Above we have the fully functional code for getting the result which we want to extract.

So, we have main in which all major things are happening. Let's walk through the code. First, we are looping to the length of usernames then we are making a session. So, we will make a unique session for every username.

Why we are making a new session here?

So, the answer for this is that if you log in a new user every time then the browser will create a new session for every user every time so we are trying to do this.
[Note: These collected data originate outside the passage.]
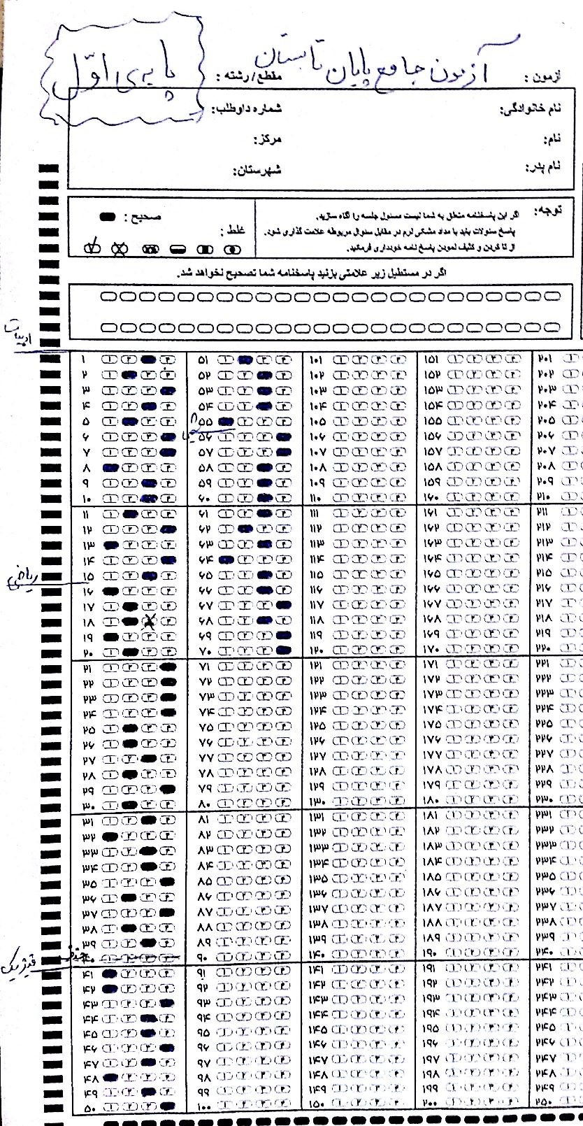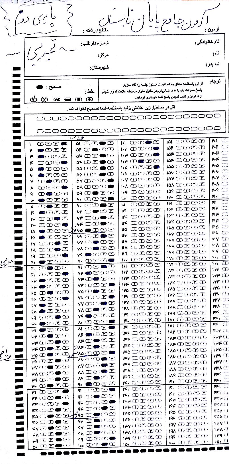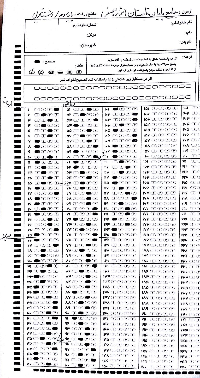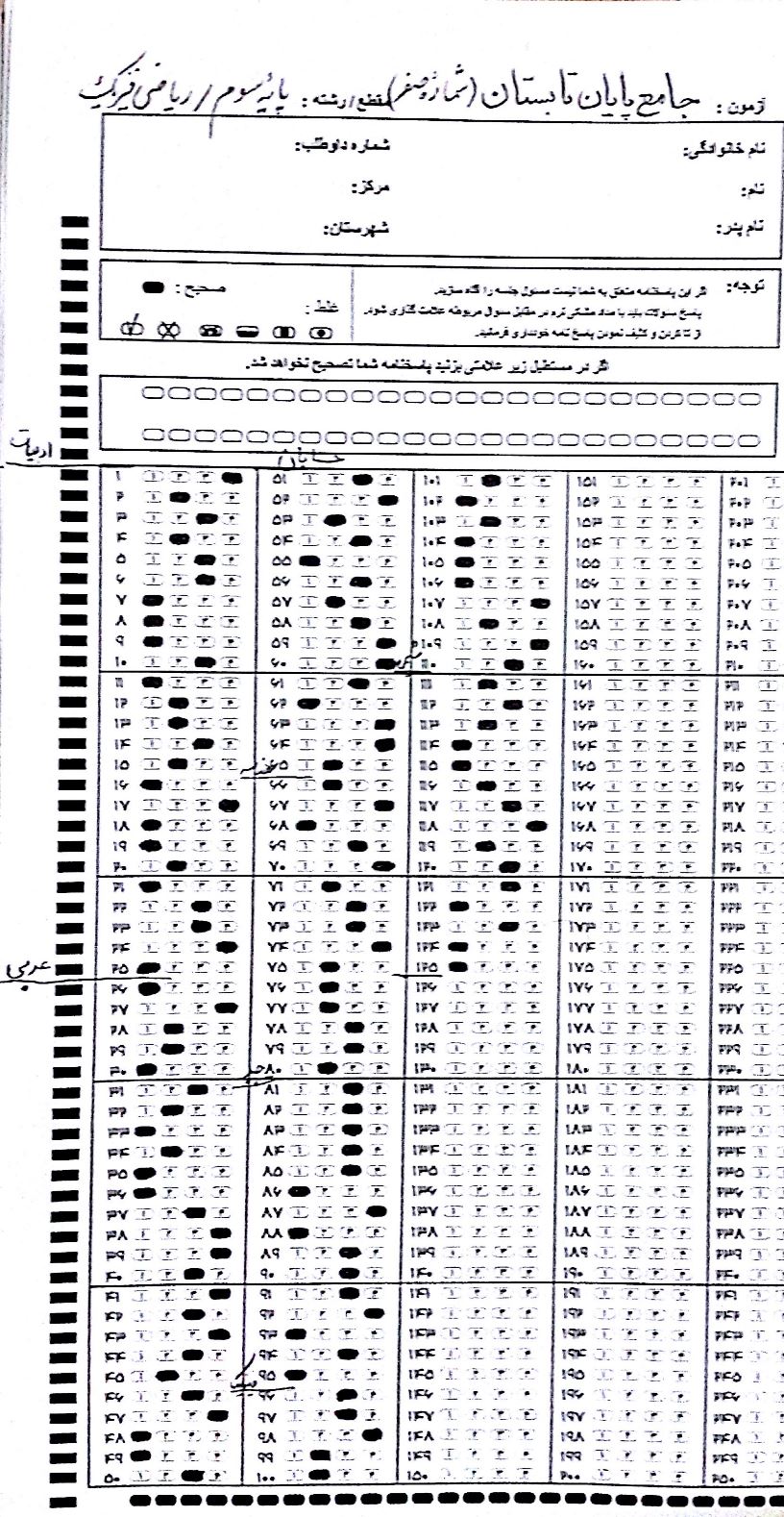 کلید سوالات پایه سوم - رشته ریاضی-فیزیک
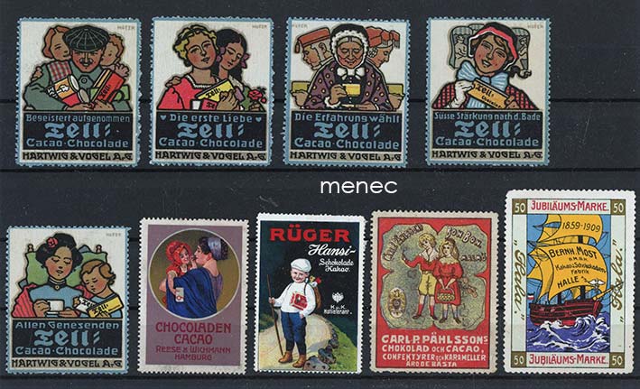 Eurooppalaisia mainosmerkkejä, suklaata ja kaakaota, 9 kpl
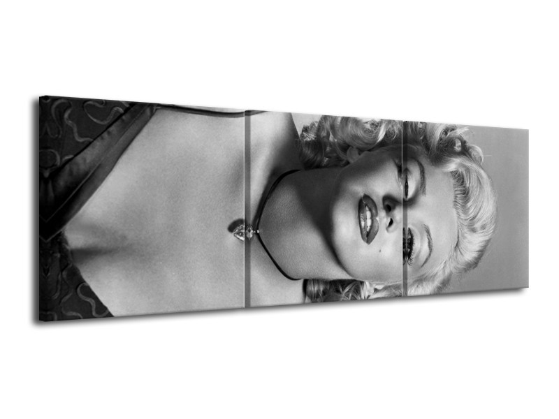 Glasschilderij Marilyn Monroe | Zwart, Wit, Grijs | 120x40cm 3Luik
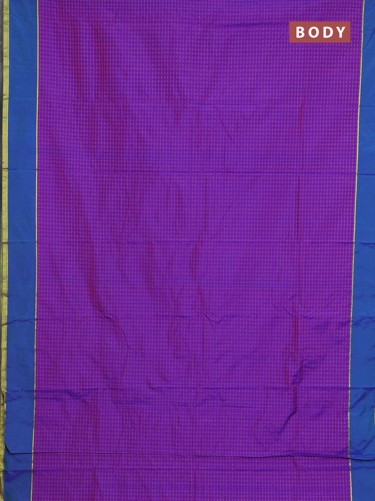 Arani semi silk saree dual shade of purple and red with allover thread weaves and rettapet zari woven border`
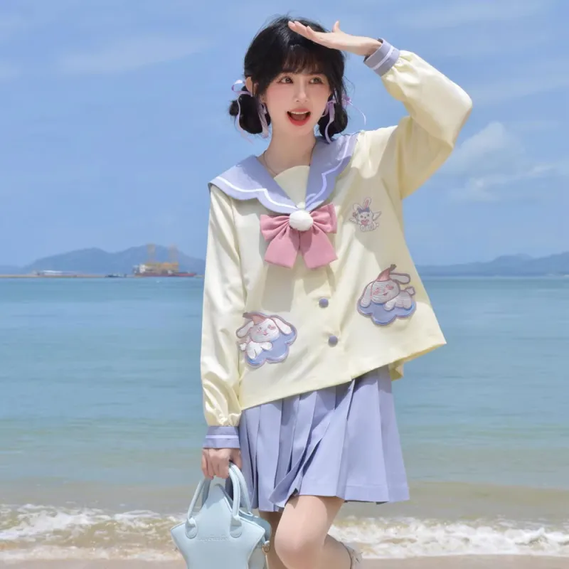 (Юнюнь Кролик) Длинный рукав + Юбка + Галстук-бабочка
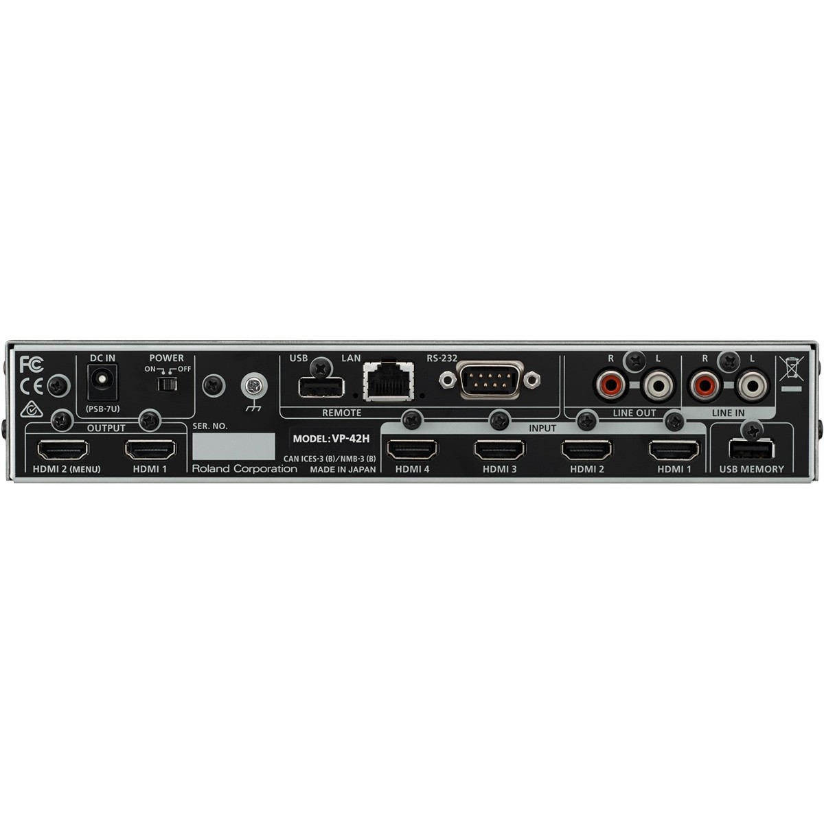 The Roland VP-42H includes stereo RCA outputs for de-embedding audio from connected HDMI sources and outputting it to other devices such as speakers and mixers. Levels for each source can be set by the internal audio mixer, and if the VP-42H is being used as a compositor for recording or streaming, the audio from an external mixer or other sources can be connected to the RCA inputs and embedded into the HDMI output signal.
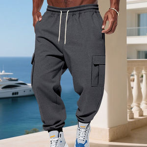 跨境外贸美式秋冬抓绒男式工装裤男士多口袋抽绳纯色运动休闲长裤
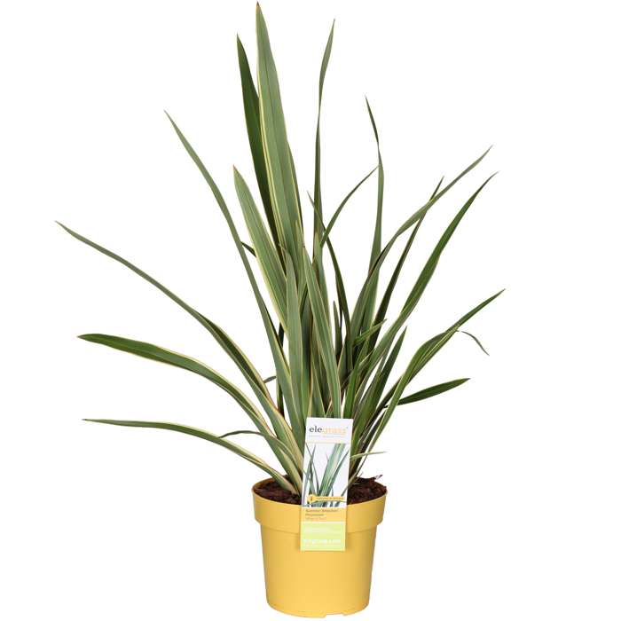 ‘Phormium tenax Wings of Gold’, in het Nederlands Nieuw Zeelands vlas genoemd, is een groenblijvende exotische plant en heeft kenmerkende stijve en zwaardachtige bladeren. De rechtopstaande bladeren zijn groen met een gele streep aan de buitenrand. Na enkele jaren kan deze Phormium bloeien met opvallende hoge bloempluimen en buisvormige, donkerrode bloempjes tijdens de maanden juli en augustus. Helaas bloeit de plant in ons zeeklimaat zelden. De Phormium is winterhard en groenblijvend en daardoor een kleurrijke toevoeging aan jouw wintertuin. Deze plant is makkelijk in onderhoud en is hitte en droogte resistent. De Phormium komt het beste tot zijn recht als blik vangende solitair, maar doet het ook goed in groepen. De plant hoeft niet gesnoeid te worden maar je kan wel de dode bladeren weg knippen. De Phormium staat het best op een beschutte plek in droge tot vochthoudende, voedselrijke grond in de volle zon of lichte schaduw.

Then we are requesting to get a response so that we can extract csrf_token.

In get_response we have new parameter called timeout. You can read it Here.

After extracting csrf_token we made a login request. After login to the website, we extracted the user detail URL from its response. Then we made a last request so that we can extract all the things which we want to extract from the website.

At last, we have attached the details in result dict which key is username and value is ans_dict. After this time.sleep is used so that we don't have that frequent requests in real scenarios it will take some time to do all these things. You can use this after every request for real-world problems but for now, it's ok.

You can run this file to test this code. Here's the file.

End Notes

Here we have learned more advanced concepts about the requests library and see how useful it is for scraping and extracting the data.